Stimulus Funds To Refund Surety Bond Premiums

The Federal Stimulus fund will refund surety bond premiums for contractors ARRA transportation infrastructure contracts.

“This new program, which will be administered by the Department of Transportation’s Office of Small and Disadvantaged Business Utilization (OSDBU), allows small and disadvantaged businesses to apply to be reimbursed for bonding premiums and fees incurred when competing for, or performing on, transportation infrastructure projects funded by ARRA. The program will be especially helpful for businesses with traditionally less working capital than larger contractors.”

The headline sure catches the eye, but how realistic is it? According to the site, only “small and disadvantaged businesses” can apply. When you read further down, it seems that they classify these businesses by their low working capital; one of the main items looked at when reviewing a contractor’s surety capacity.

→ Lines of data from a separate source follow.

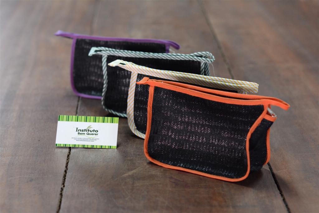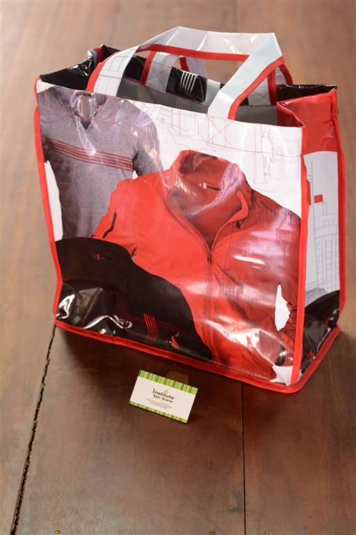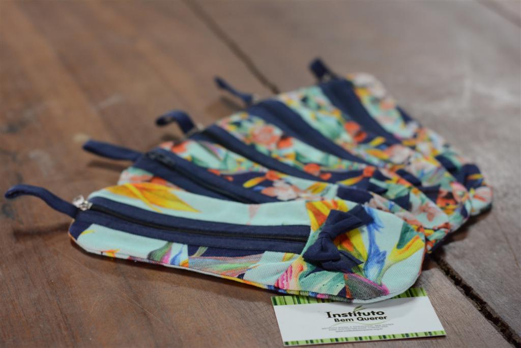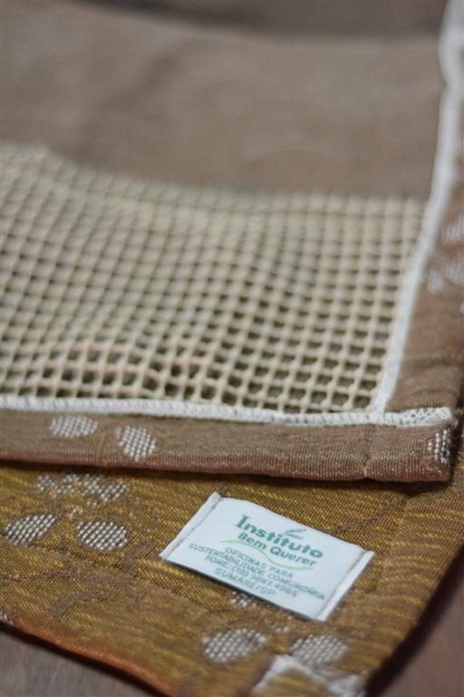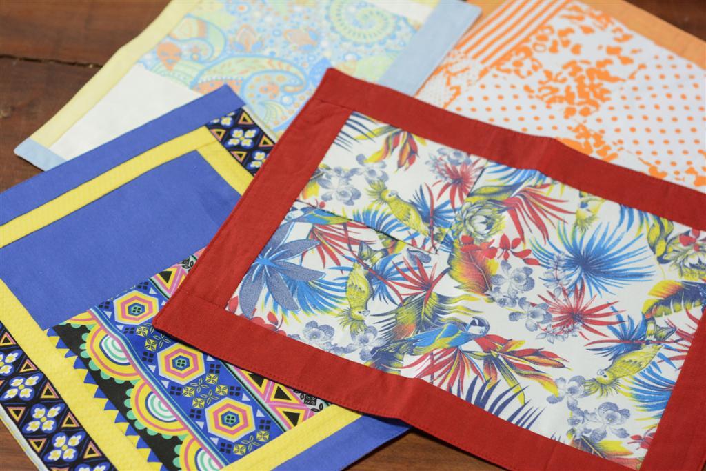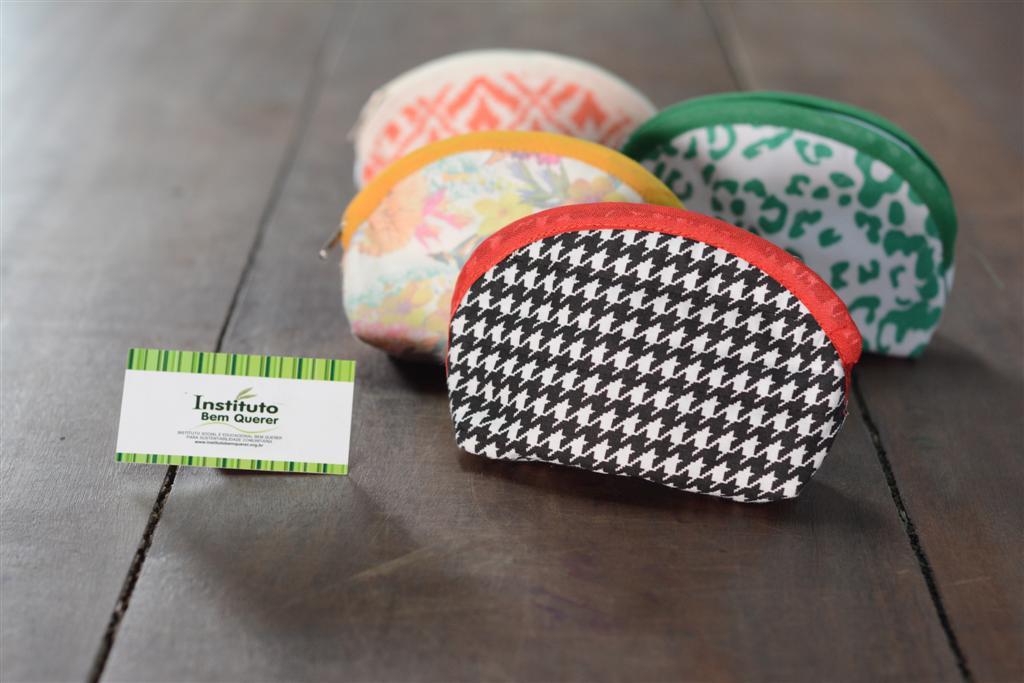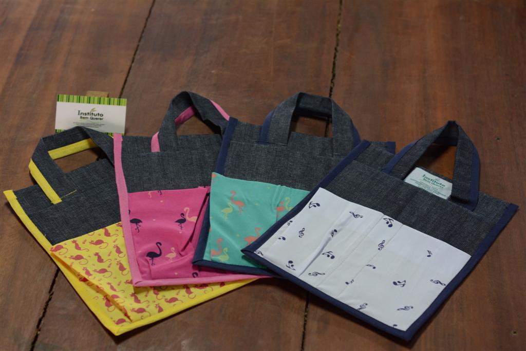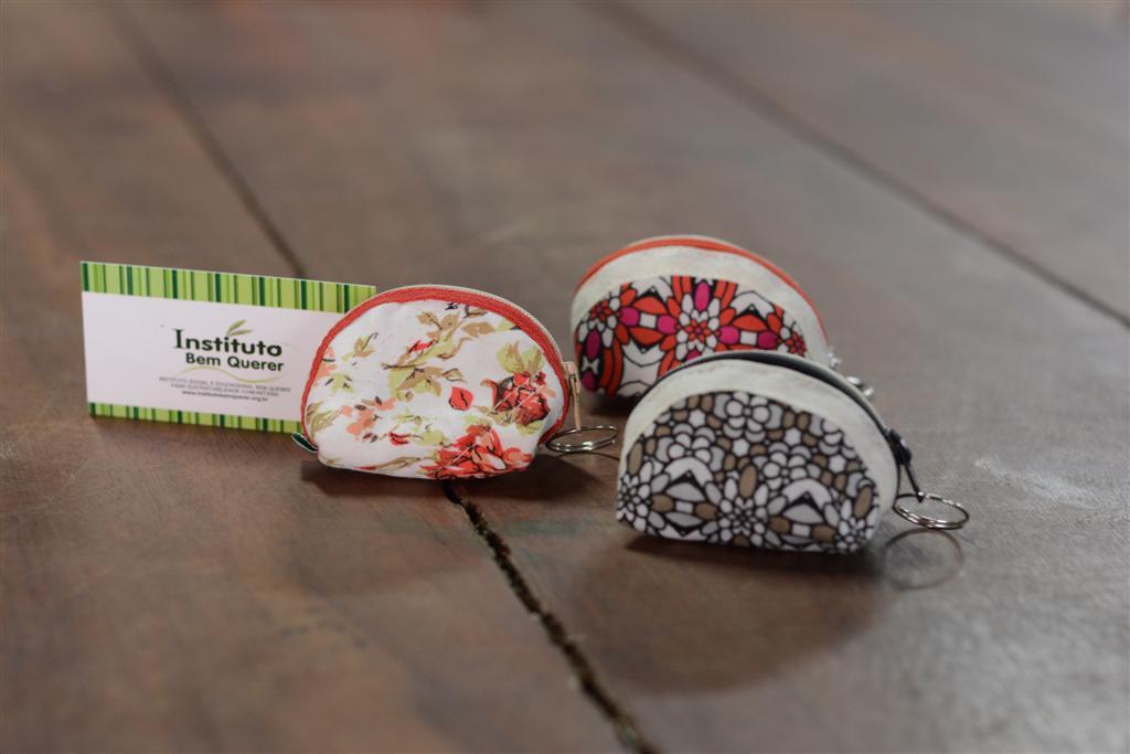 - Produtos artesanais elaborados através do reaproveitamento de tecidos, banners e demais itens doados (almofadas, jogo americano, toalha de mesa, necessaires, porta moedas, ecobags, entre outras);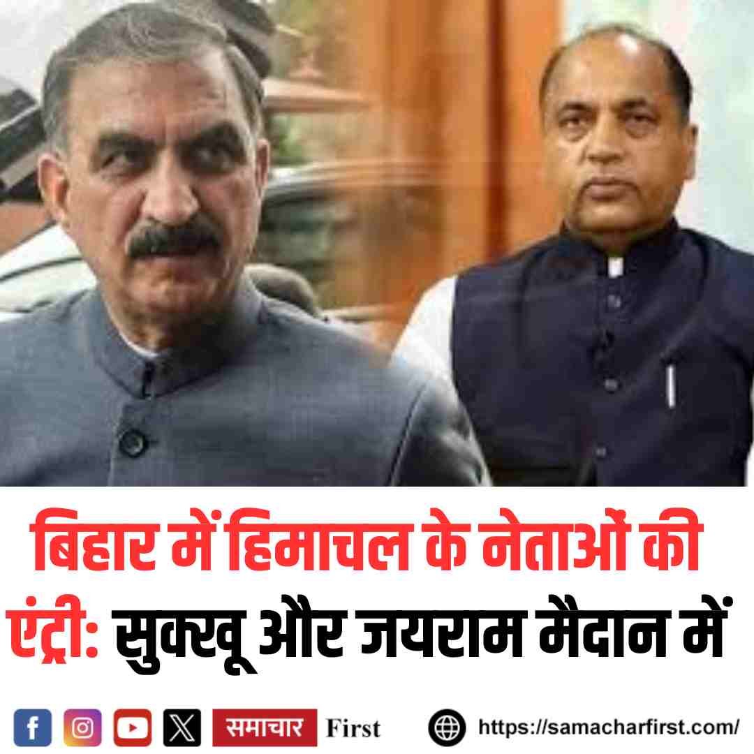 बिहार विधानसभा चुनाव में अब हिमाचली नेताओं की एंट्री होने जा रही है। कांग्रेस हाईकमान ने हिमाचल प्रदेश के मुख्यमंत्री सुखविंद्र सिंह सुक्खू को बिहार चुनाव के लिए स्टार प्रचारक नियुक्त किया है। नवंबर के पहले सप्ताह में सुक्खू बिहार जाएंगे और कांग्रेस प्रत्याशियों के समर्थन में रोड शो व जनसभाएं करेंगे।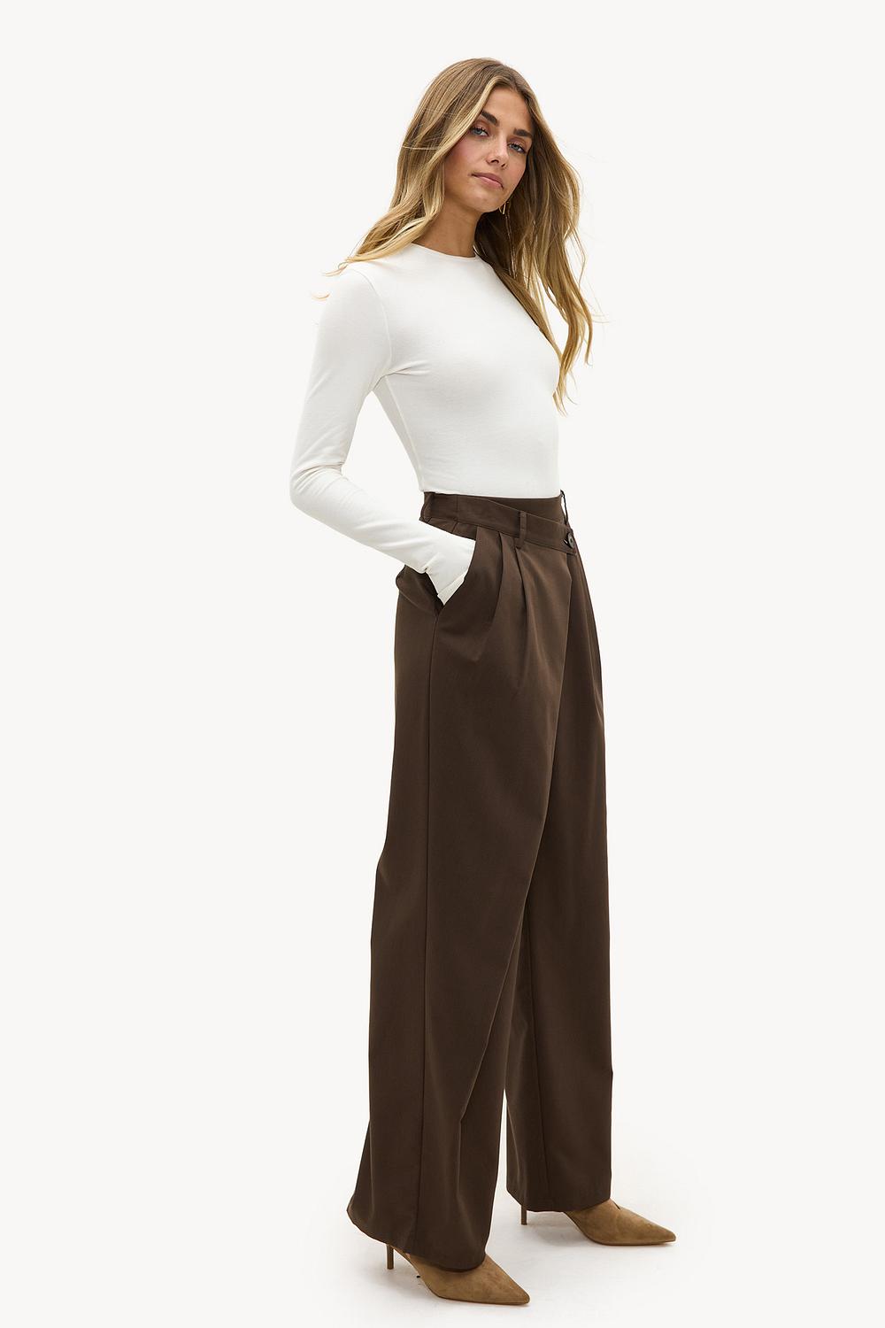 Pantalón cruzado marrón oscuro 49,99 €Este pantalón de pierna ancha marrón presenta un ajuste entallado y elegante con un detalle de envoltura llamativo en la parte delantera. El diseño de cintura alta con piernas anchas crea un aspecto lujoso que es perfecto para los días de oficina. El botón decorativo y los pliegues sutiles le dan a este pantalón un toque moderno. Combina este pantalón con un top ajustado para un look equilibrado.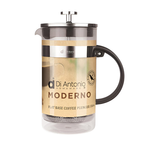 Moderno plunger uses heat resistant glass and has a stainless steel banded holding frame.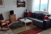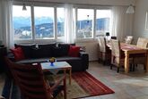 Die Wohnung ist etwa 65qm groß. Der Boden ist gefliest, im Couchbereich liegt ein Teppich.Grosses Panoramafenster und ein toller Blick auch vom Essbereich.Bad mit geräumiger Dusche.Schlafzimmer mit 2 Betten.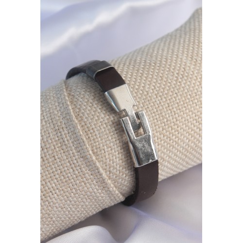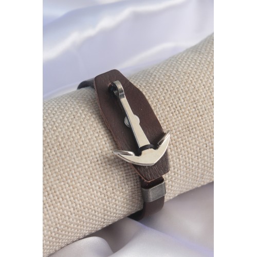 Kahverengi Deri Model Gümüş Renk Çapa Figür Erkek Bileklik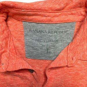 BANANA REPUBLIC Men’s Grapefruit Orange Seaside Short Sleeve 2 Button Placket Light Gray Inner Collar Polo Shirt Size Large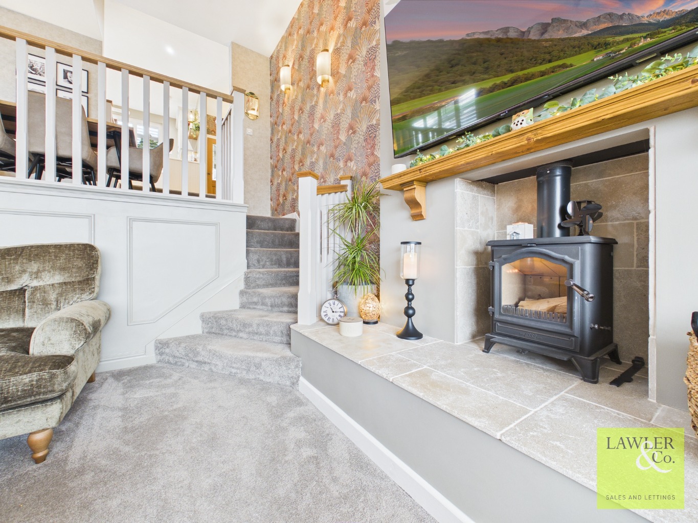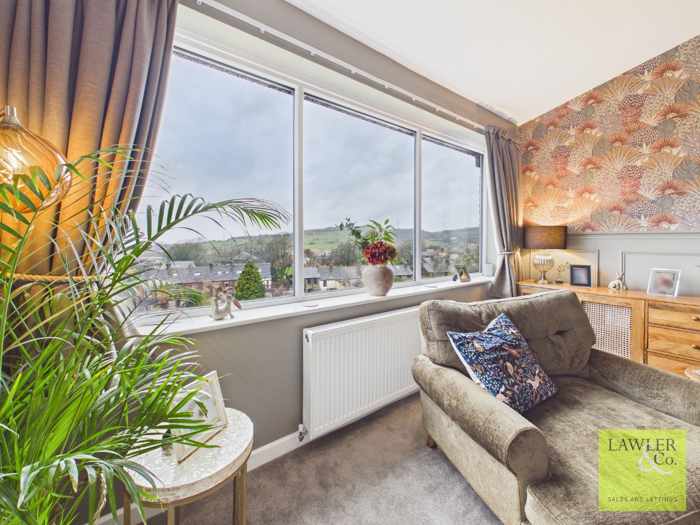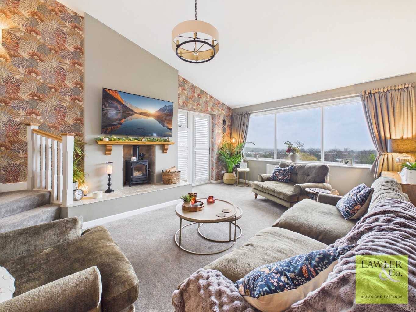 The lounge is a standout featuring a inset log-burning stove with a timber mantle and limestone hearth,and a large, light-filled window that perfectly frames breathtaking views. From here, watch sunsets over the Manchester skyline.
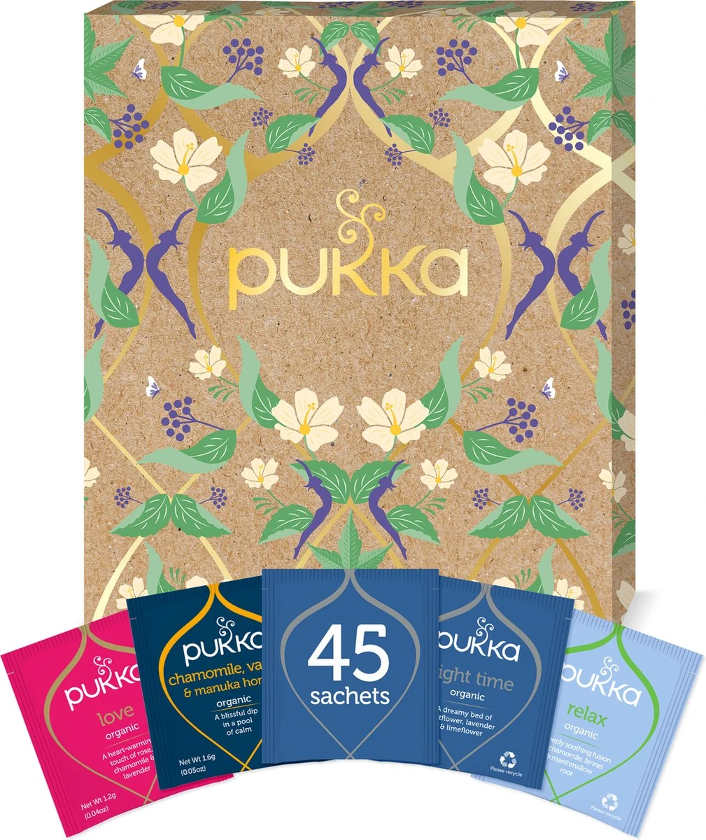 - Pukka Kruidenthee Relax Thee Selectiebox bevat 45 zakjes biologische thee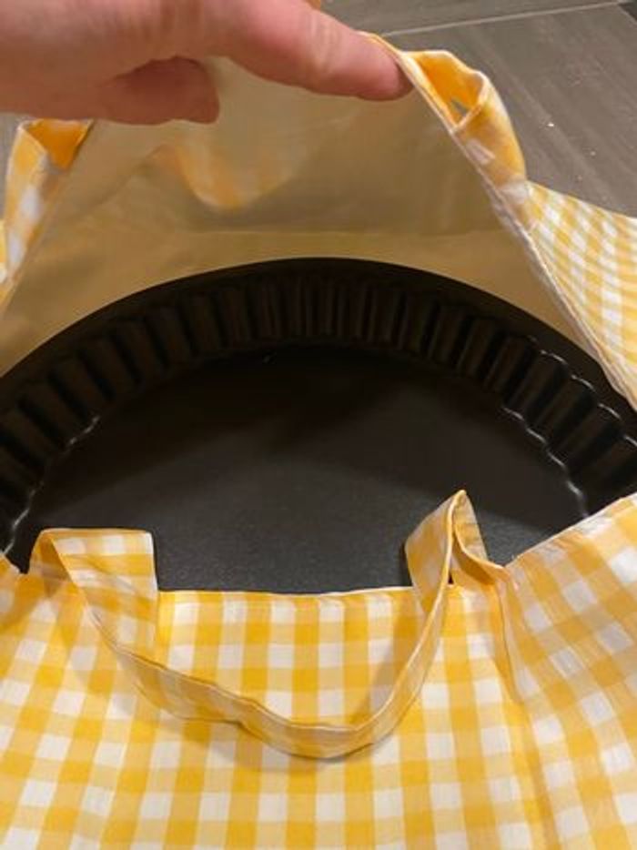 Extérieur coton Intérieur tissu coton 42cm X 42cm Lavable en machine et sèche linge autorisé S’adapte à tous types de plats Sac à gâteau Sac à pizza Idée cadeau

Fortunately, it does allow the SBA bonded contractors to apply. However, SBA contractors’ bond lines are often reduced due to their lines of credit being reduced or terminated (SBA counts LOCs as working capital).

In other words, the government is willing to provide stimulus funds to refund contractors’ bond premiums, but only for contractors that don’t actually qualify for surety bonding.


Eric is the Chief Marketing Officer of JW Surety Bonds. With years of experience in the surety industry, he is also a contributing author to the surety bond blog.

9 Comments

Bryan_Kelly

The DOT used to have a surety guarantee program similar to the SBA for contractors working on transportation-related projects. Just reading this quickly, I'm guessing it's related to something like that.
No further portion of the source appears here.